The purpose of a hash table, as far as I can tell, is to provide a somewhat faster mechanism for finding items in an array than by just looking at every item one by one. Call this the slowest possible case. The fastest possible case would be to just convert a string into a big long binary number, and have a gigantic string array with enough indexes to hold any length string we can throw at it. This is probably the fastest case (I think fetching an item from an array is done in constant time), but it's not really feasible, especially with QUEST SCL, because we don't have all the memory in the world to hold this huge array, which, by the way, would be pretty much empty.

So enter the hash table. According to the Algorithms in C++ book I picked up at the library book sale for 75 cents, we can instead create a small array, with each array space holding a linked list of items with a specific hash value. The linked lists are there because we know that by limiting the size of our array, we can have different keys with the same hash.

The idea then, for searching for a key value, is that you hash the key and get a number between 1 and 111, and get the base node in the linked list at that array index. Then, we just search through each of the nodes in that linked list until we find our exact key value, and return the original string.

This kind of thing seems pretty easy to pull off with SCL, as it's just a matter of providing the hashing function (nicely included in the book), and a way to hold an array of linked lists for each of our 111 possible hash values.

I've put together a hash table utility in SCL, though I called it a collection. It's available for download here with an example for using it here. I put the hash_table.scl file into my directory of always compiled utility routines.

To use the hash table, you have to include the SCL file (I had to specify the full path to the file, so you'll have to modify that to accommodate your system. To create a collection, call the new_collection routine, which initializes a collection structure. Use col_add to add an item, remove_item_from_collection to remove an item, and col_item_exists to check if there is an item in the collection already. The kill_collection procedure will deallocate all the memory for the collection, so make sure to call that when you're done with it, or you could end up eating a lot of memory, depending on how you use this.

Another note, you can loop through every item in the collection, starting (assuming you call your collection col) and looping through a linked list of every item in the collection.

I haven't tested it terribly well, but the example file seems to work as I intend, so unless I start using it and find it broken, this is how it'll stay.
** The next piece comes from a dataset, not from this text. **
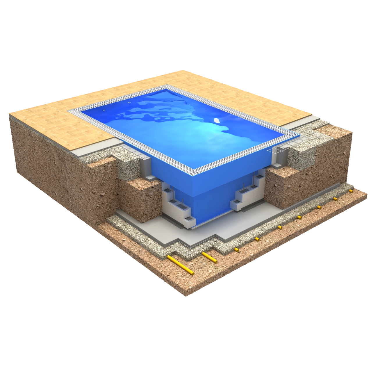 - Corps de la piscine, y compris la tuyauterie en diamètre 50mm, PN10 (protégé en construction thermique) .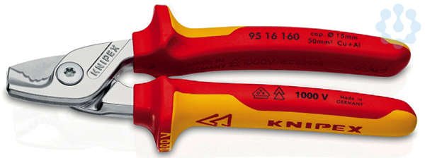 95 16 160 KNIPEX StepCut Klein, leicht, stark: angenehm Schneiden ohne zu quetschen bei nur 160 mm Größe. Spürbar weniger Kraftaufwand: Die Abstufungen schneiden Adern nacheinander, der Schnitt ist bis zu 40% leichter als bei Standard-Kabelscheren gleicher Länge!. Ergonomische Schenkelgestaltung: optimales Schneidgefühl auch bei größeren Kabeldurchmessern. Schneidet Cu- und Al-Mehrleiterkabel feinadrig bis Ø 15 mm (50 mm²). Schneidet massive Cu- und Al-Kabel bis 5 x 4 mm². Schneidet ohne zu quetschen. Geschraubtes Gelenk: präzise, leichtgängig, langlebig. Mit Klemmschutz für sicheres Arbeiten. Nicht für Stahldraht und hartgezogene Kupferleiter geeignet. Schneiden zusätzlich induktiv gehärtet, Schneidenhärte ca. 56 HRC. - Schneidwert Cu-Kabel, mehrdrähtig: 50mm² - Schneidwert Cu-Kabel, mehrdrähtig: Ø 15mm - AWG: 1?/ 0 - VDE-geprüft: Ja

I'm not sure how much faster this is, computationally, than just looping through each item in an array and checking it. It's probably a little slower for small collections, but I imagine as the thing grows the hash table becomes faster than just looping, but I don't know. I do think it'll make some lookups a bit easier, at least from a programmer's productivity perspective, but then again, what do I know? Either way, I'll have to try and implement more of these algorithms, especially the section on regular expressions.